IPCC scientists highlight growing risk of climate disruption “interacting with global trends such as unsustainable use of natural resources, growing urbanisation, social inequalities, losses and damages from extreme events and a pandemic, jeopardising future development.”
“Our assessment clearly shows that tackling all these different challenges involves everyone – governments, the private sector, civil society – working together to prioritise risk reduction, as well as equity and justice, in decision-making and investment,” said co-chair Prof Debra Roberts.
“In this way, different interests, values and world views can be reconciled. By bringing together scientific and technological know-how as well as Indigenous and local knowledge, solutions will be more effective. Failure to achieve climate resilient and sustainable development will result in a suboptimal future for people and nature,” she warned.

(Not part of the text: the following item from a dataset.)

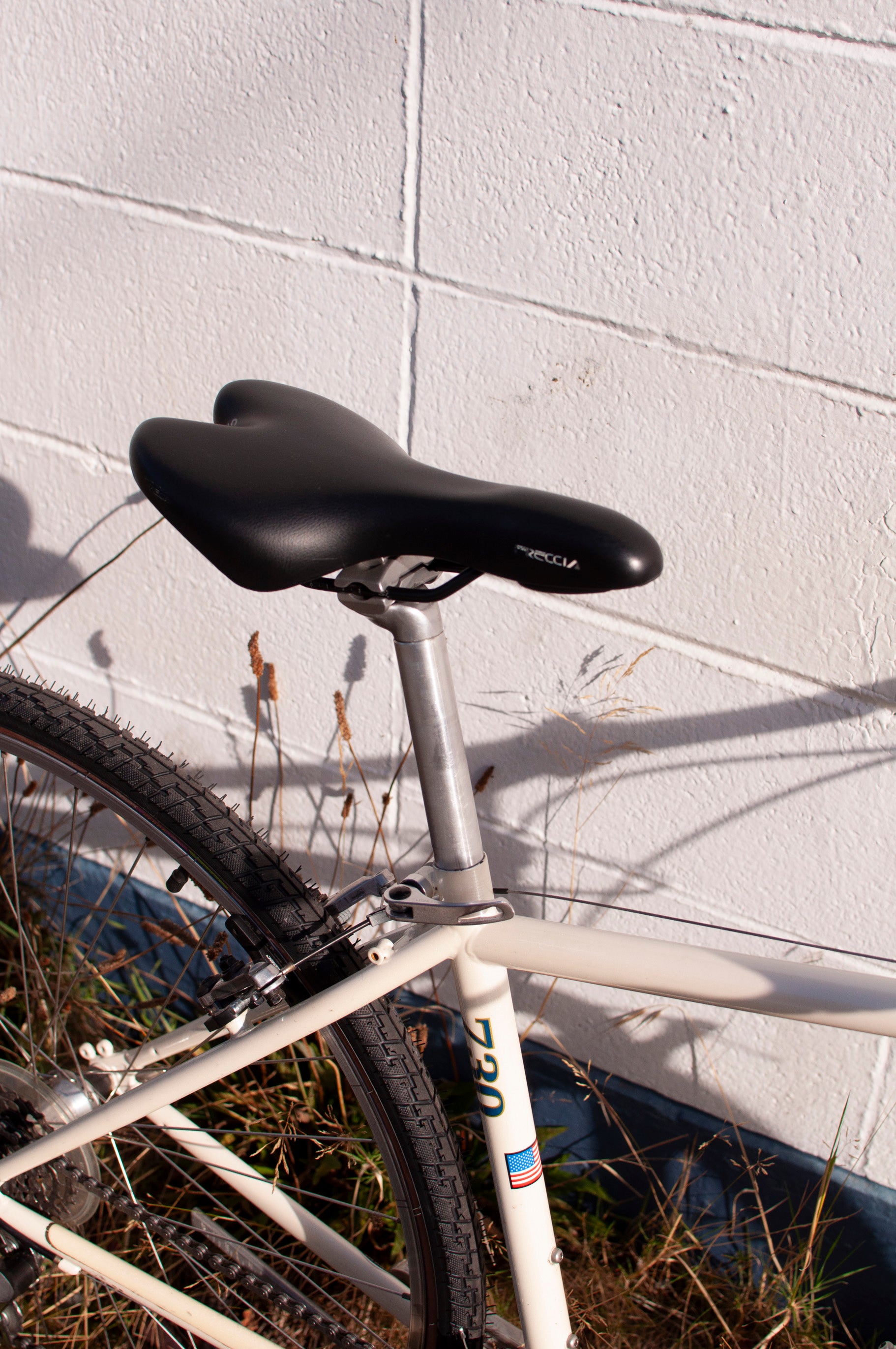 Durable steel frame 90s hybrid bike, making a great commuter/city bike that can take on some trails too. This bike was kept in excellent condition and barely ridden by the previous owner. We refreshed it with a full tune up, new brake pads, and a swapped in saddle.

This report provides detailed assessment of climate change impacts, risks and adaptation in cities, where more than half the world’s population lives – urbanisation is set to rapidly increase over coming decades.
People’s health, lives and livelihoods, as well as property and critical infrastructure, including energy and transportation systems, “are being increasingly adversely affected by hazards from heatwaves, storms, drought and flooding as well as slow-onset changes, including sea-level rise”.
“Together, growing urbanisation and climate change create complex risks, especially for those cities that already experience poorly-planned urban growth, high levels of poverty and unemployment, and a lack of basic services,” Prof Roberts said.
“But cities also provide opportunities for climate action – green buildings, reliable supplies of clean water and renewable energy, and sustainable transport systems that connect urban and rural areas can all lead to a more inclusive, fairer society,” she said.
The report details increasing evidence of adaptation that has caused unintended consequences, such as destroying nature, putting peoples’ lives at risk or increasing greenhouse gas emissions. “This can be avoided by involving everyone in planning, attention to equity and justice, and drawing on indigenous and local knowledge,” she added.
Climate change is a global challenge that requires local solutions, the report underlines. It outlines extensive regional information to enable climate-resilient development, a process of implementing emission reductions and adaptation measures “to support sustainable development for all”.
But pursuing this is already challenging at current warming levels and will become more limited if global warming exceeds 1.5 degrees above pre-industrial levels, it finds. In some regions it will be impossible if global warming exceeds 2 degrees.
“This key finding underlines the urgency for climate action, focusing on equity and justice. Adequate funding, technology transfer, political commitment and partnership lead to more effective climate change adaptation and emissions reductions,” Prof Pörtner said.
“The scientific evidence is unequivocal: climate change is a threat to human wellbeing and the health of the planet. Any further delay in concerted global action will miss a brief and rapidly closing window to secure a liveable future.”